What this task involves: Transcribe the records exactly. Pictures do not belong in the transcription.

Excerpted records:
##########

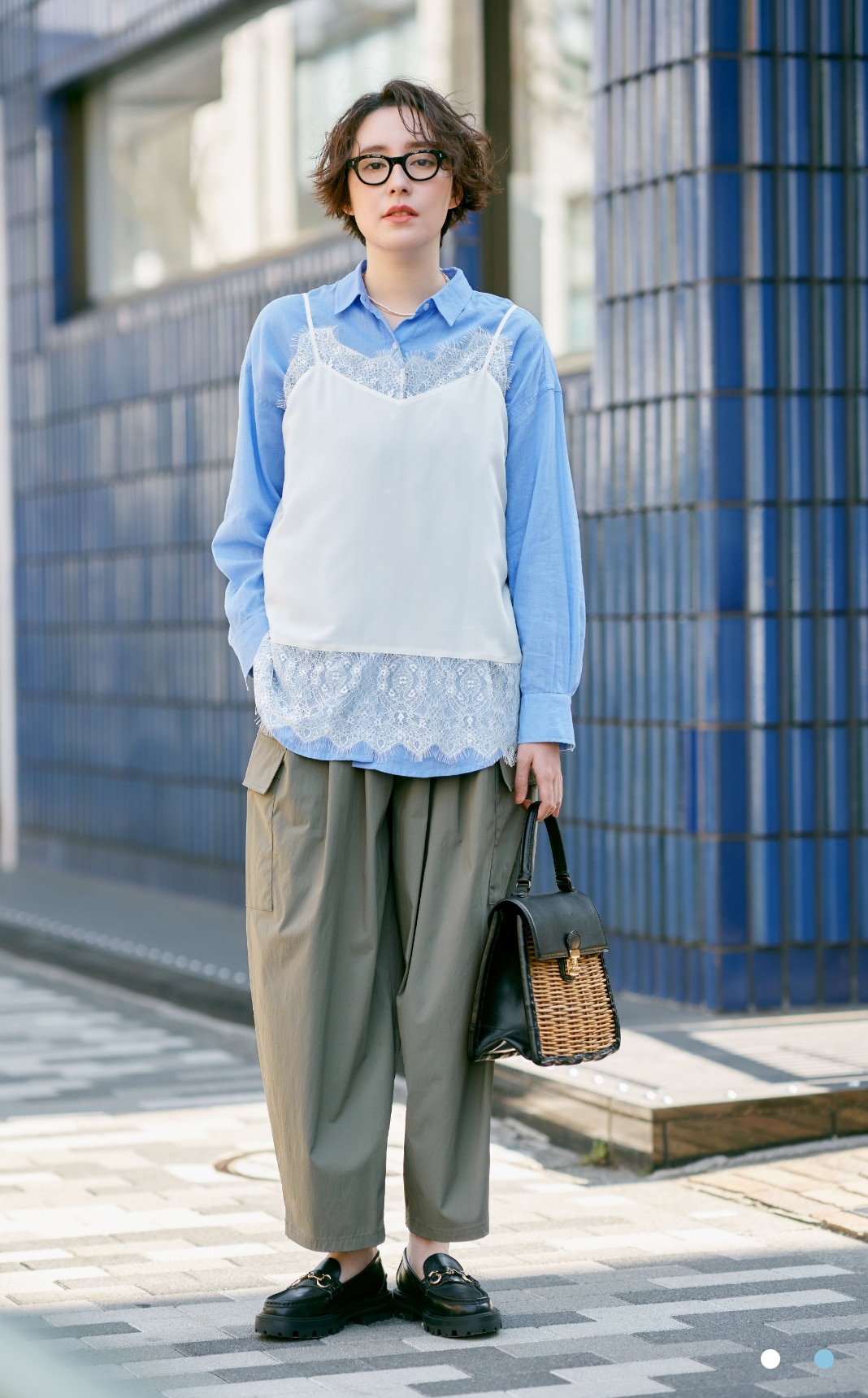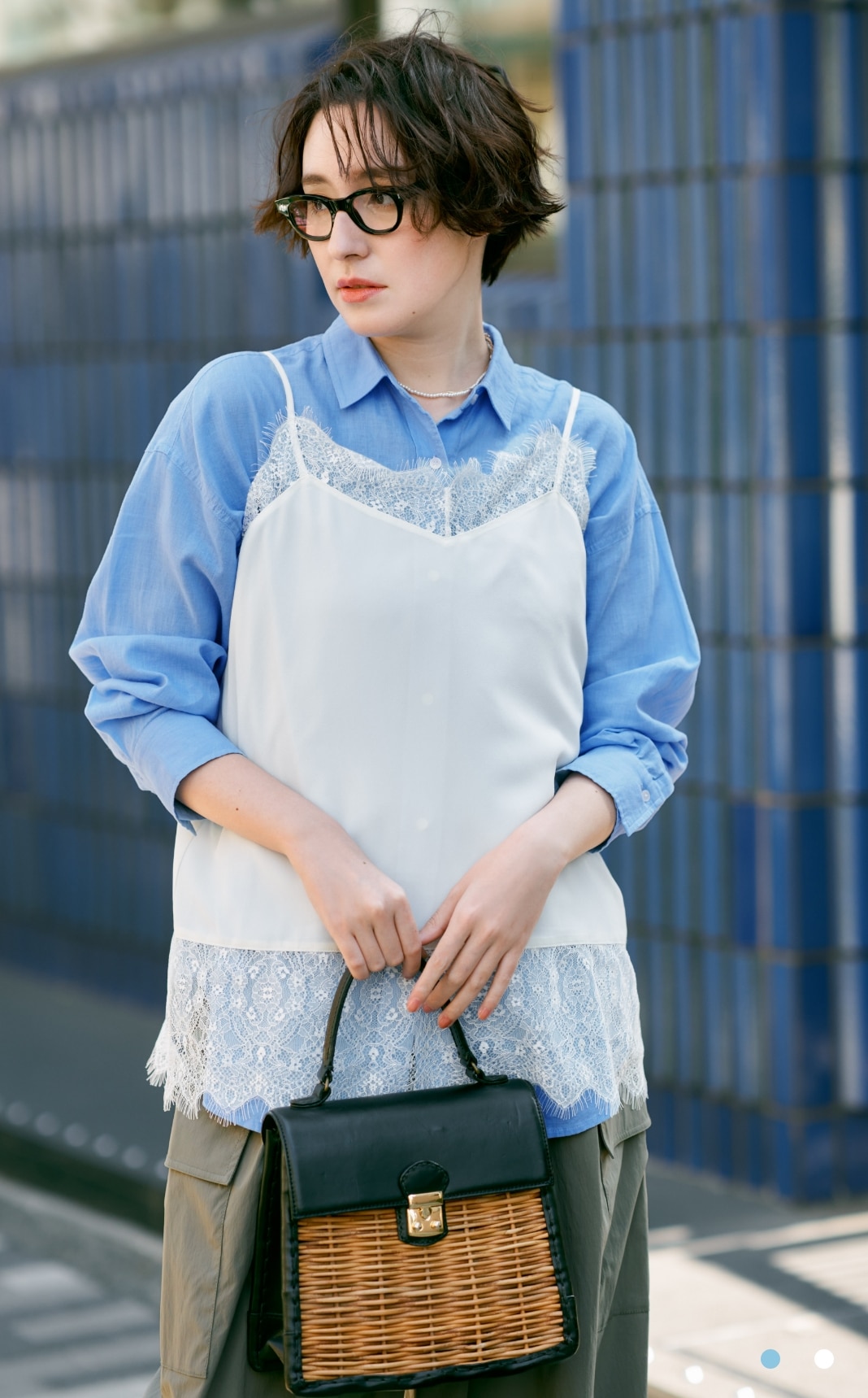 今季、トレンドのレースをシャツの上から重ねました。ガーリーな印象にならないように、ボーイッシュなパンツやメガネなど、あえて真逆のテイストを合わせるのがコツ。こうした引き算で程よく上品なムードが漂います。
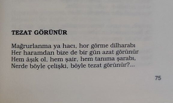 Yanlış şaire atfedilen şiirlerde bugünkü sıra “Hem aşık ol, hem şair, hem tanıma şarabı / Nerde böyle çelişki, böyle tezat görünür.”dizelerinde.
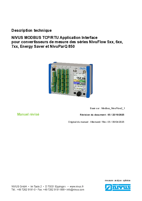 - Couplage Modbus de tous les transmetteurs NivuFlow
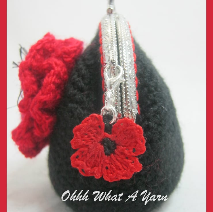 The stunning purse is crocheted in black and red 100% acrylic yarn.
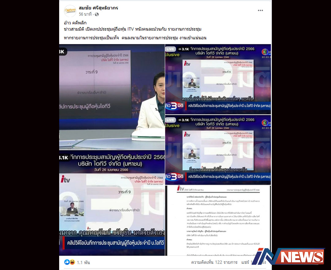 กรุงเทพฯ-หลังจากที่รายการข่าว3มิติ ทางช่อง 3 ได้ออกมาเปิดคลิปการประชุมผู้ถือ หุ้นไอทีวี ที่จัดประชุมขึ้นเ...
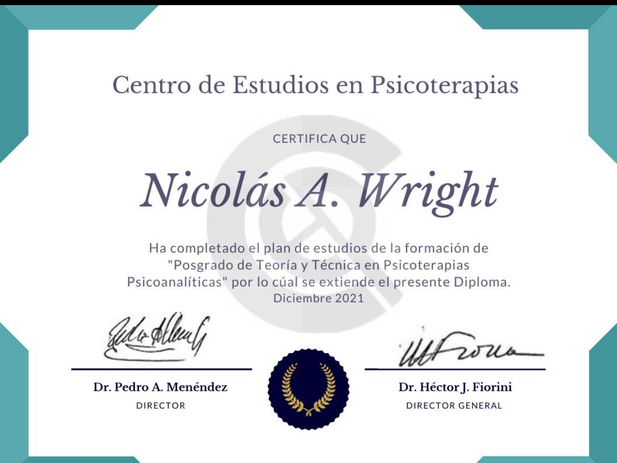Me recibí en la Universidad de Buenos Aires en el 2005 y luego comencé mi formación con el Dr Fiorini para unos años más tarde pertenecer al Int. Angel Garma en la Asociación Psicoanalítica Argentina. Donde actualmente me encuentro en constante formación y supervisión.
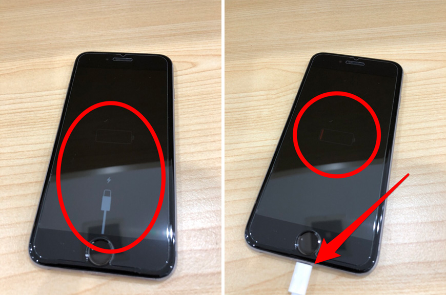 充電ケーブルを接続してすぐに空のバッテリーマークが表示されるようであれば、バッテリー切れを起こしています。バッテリーマークが表示されない場合も、30分程度充電しておくと電源が入るケースが多いです。
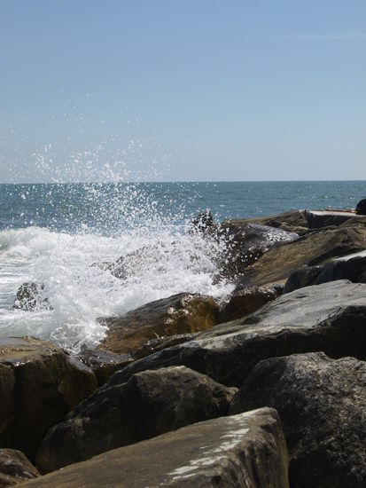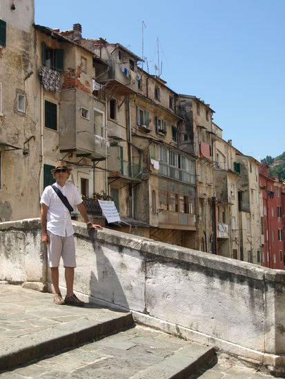 Und weil es auf dem Rückweg liegt und wir nach Abkühlung lechzen, besuchen wir unseren Badeplatz auf den Marmorfelsen. Die Wellen tragen heute Schaumkronen, es donnert im Gebirge, und die Wolken haben bizarre, fotogene Formen. Es sind wieder dieselben älteren Männer dort, die palavern und sich mit „ a domani“ verabschieden.

##########

Answer section:
 今季、トレンドのレースをシャツの上から重ねました。ガーリーな印象にならないように、ボーイッシュなパンツやメガネなど、あえて真逆のテイストを合わせるのがコツ。こうした引き算で程よく上品なムードが漂います。
 Yanlış şaire atfedilen şiirlerde bugünkü sıra “Hem aşık ol, hem şair, hem tanıma şarabı / Nerde böyle çelişki, böyle tezat görünür.”dizelerinde.
 - Couplage Modbus de tous les transmetteurs NivuFlow
 The stunning purse is crocheted in black and red 100% acrylic yarn.
 กรุงเทพฯ-หลังจากที่รายการข่าว3มิติ ทางช่อง 3 ได้ออกมาเปิดคลิปการประชุมผู้ถือ หุ้นไอทีวี ที่จัดประชุมขึ้นเ...
Me recibí en la Universidad de Buenos Aires en el 2005 y luego comencé mi formación con el Dr Fiorini para unos años más tarde pertenecer al Int. Angel Garma en la Asociación Psicoanalítica Argentina. Donde actualmente me encuentro en constante formación y supervisión.
 充電ケーブルを接続してすぐに空のバッテリーマークが表示されるようであれば、バッテリー切れを起こしています。バッテリーマークが表示されない場合も、30分程度充電しておくと電源が入るケースが多いです。
 Und weil es auf dem Rückweg liegt und wir nach Abkühlung lechzen, besuchen wir unseren Badeplatz auf den Marmorfelsen. Die Wellen tragen heute Schaumkronen, es donnert im Gebirge, und die Wolken haben bizarre, fotogene Formen. Es sind wieder dieselben älteren Männer dort, die palavern und sich mit „ a domani“ verabschieden.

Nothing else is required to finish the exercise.